Setting default parameters to a function from a dictionary

Question

I'm trying to set parameters to a function from an arbitary dictionary. For example, if I have

d = {"a": 5, "b": 8}

I would want to define a function like this

def f(a = 5, b = 8) :
    print(a, b)

but whitout specifying the arguments , so, ultimately, I would want to do something like

def f(**d): 
    print(a,b)

but obviousely this wouldn't work, it just works when we call the function and not when it's defined, I would appreciate your help.

Answer 1

In fact, I found a way to do what I first intended

d = {"a": 5, "b": 8}
def f(**kwargs) : 
   c = d.copy()
   c.update(kwargs)
   print(c["a"], c["b"])

This way I don't have to set the arguments one by one inside a function (I have a very large dictionary on the actual problem I'm trying to slove), and I don't have to set arguments to the function when defined

Answer 2

You can use both defaults and **kwargs in the function:

> def f(a=5, b=7, **kwargs):
>     print(a, b)

> f()
5, 7

> f(1, 2)
1, 2

> f(**{'a':20, 'b': 40})
20, 40

> f(**{'a':20})
20, 7

> f(a=300, **{'b':100})
300, 100

> # Okay
> f(3, **{'b':20})
3, 20

> # Not Okay
> f(3, **{'a':20})
TypeError: f() got multiple values for argument 'a'

Answer 3

You can pass an arbitrary set of keyword arguments to a function by using the ** (dict unpacking) operator on a dict, and you can define a function to process a set of such keyword arguments by using the same operator. Once inside the function, the variable specified in the definition behaves like a dict.
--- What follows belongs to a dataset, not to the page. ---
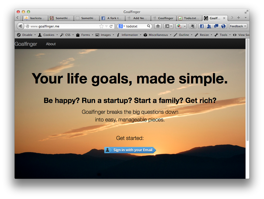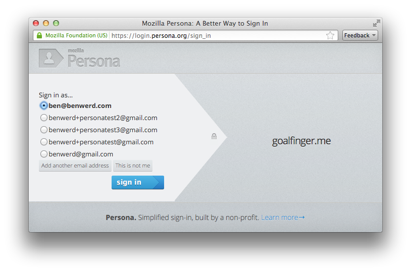 Goalfinger uses Mozilla Persona as its only authentication mechanism. I've been a fan of the Persona idea since its early days as BrowserID, and I wanted to see how well it worked in a real-life scenario. (I've also written an Elgg Persona plugin that allows you to attach Persona to your own Elgg-powered social network.)

Example:

def f(**kwargs):
    print(kwargs["a"], kwargs["b"])

d = {"a": 5, "b": 8}
f(**d)
f(a=5, b=8)  # this behaves the same way

It's also generally safer to use the .get() function when dealing with a **kwargs dict, since that lets you set a default value in case the given key wasn't passed as a variable. For example:

def f(**kwargs):
    a = kwargs.get('a', 5)
    b = kwargs.get('b', 8)
    print(a, b)

f(a=9, b=13)  # prints 9 13
f()           # prints 5 8